Summary

Both taxonomy and barcoding are actively digitisng the living world. The description of new animal taxa is essentially proceeding at a constant rate, generating a steadily growing legacy of taxonomic literature into which digitisation has made modest inroads. In contrast, sequence databases as a whole are growing exponentially, although barcode growth is more modest. Nucleotide sequences are "born digital" and readily computable, for example they can be clustered into BINs of similar sequences, or phylogenies of the type shown in Fig. 6. Given the obvious overlap between the goals of classical taxonomy and barcodes, the lack of digital overlap between these two endeavours is disconcerting. Many barcodes lack taxonomic names ("dark taxa"), and much of the primary taxonomic literature has not been digitised ("dark texts"). Integrating barcodes and taxonomy at scale is going to be significant challenge, as indeed will be integrating barcodes into mainstream sequence databases. Mapping between databases using taxonomic names seems the obvious approach, but the abundance of dark taxa shows this has not been entirely successful. Alternatives such as integration via specimens show promise, but are hampered by the lack of stable identifiers. If we are to make process the stubborn problem of the lack of unique, persistent identifiers, and cross links between those identifiers needs to be tackled in earnest \cite{Page_2008}.

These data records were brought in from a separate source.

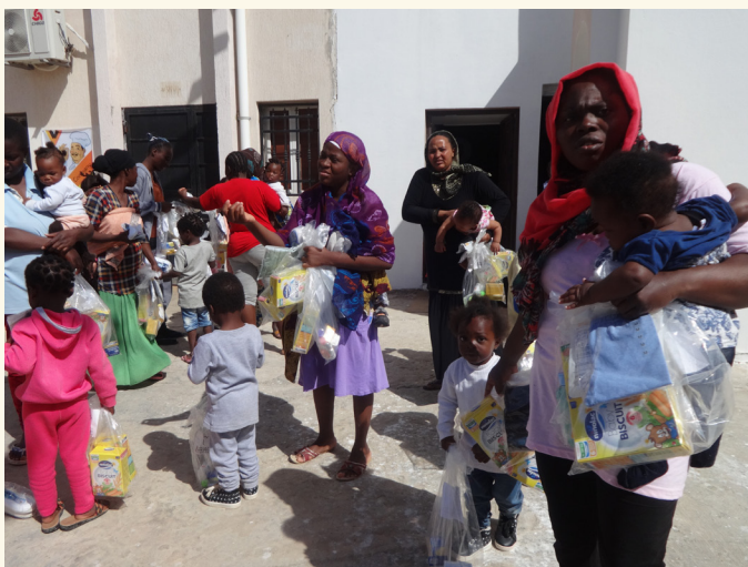
Distribution des produits de première nécessité géré par l'ONG Cefa dans un centre pour migrants et réfugiés
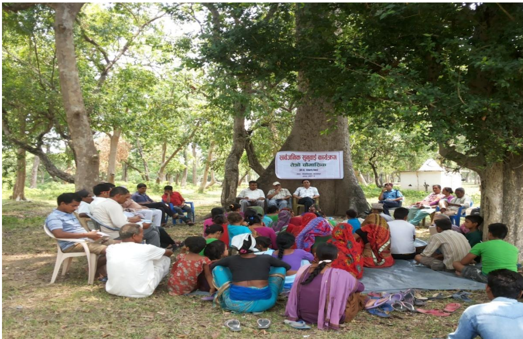
कार्यक्रमको एक दृष्य
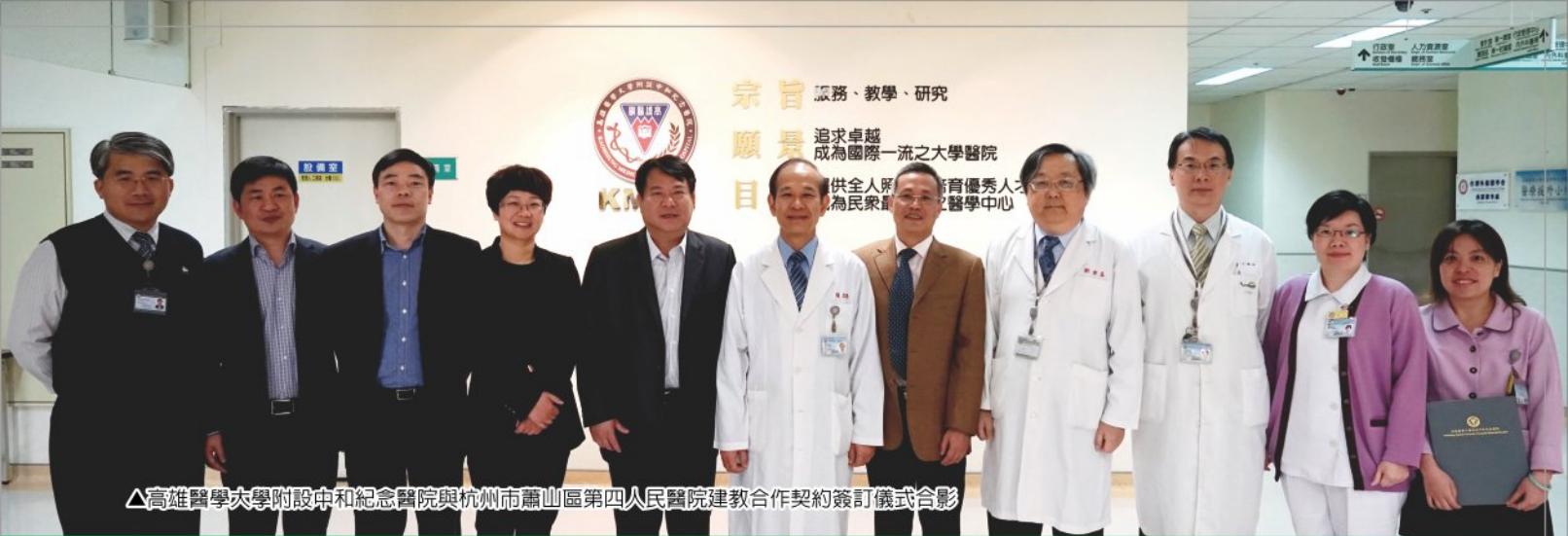
△高雄醫學大學附設中和紀念醫院與杭州市蕭山區第四人民醫院建教合作契約簽訂儀式合影
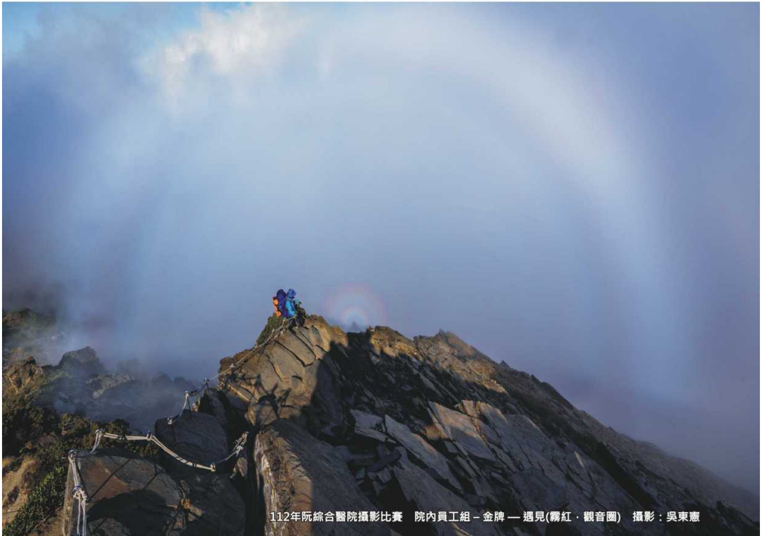
112年阮綜合醫院攝影比賽 院內員工組 - 金牌 — 遇見(霧紅·觀音圈)

As a postscript, in writing this opinion piece, I have had to write custom scripts to query various databases in an ad hoc manner, trying to extract and assemble information that gives insight into the current state of biodiversity digitisation. For these analyses and visualisations to have broader utility it would be desirable to have some way of consistently and automatically doing these analyses, in effect creating a dashboard of digitisation that would enable us to not only see where we are as a field, but also suggest directions in which we could be heading.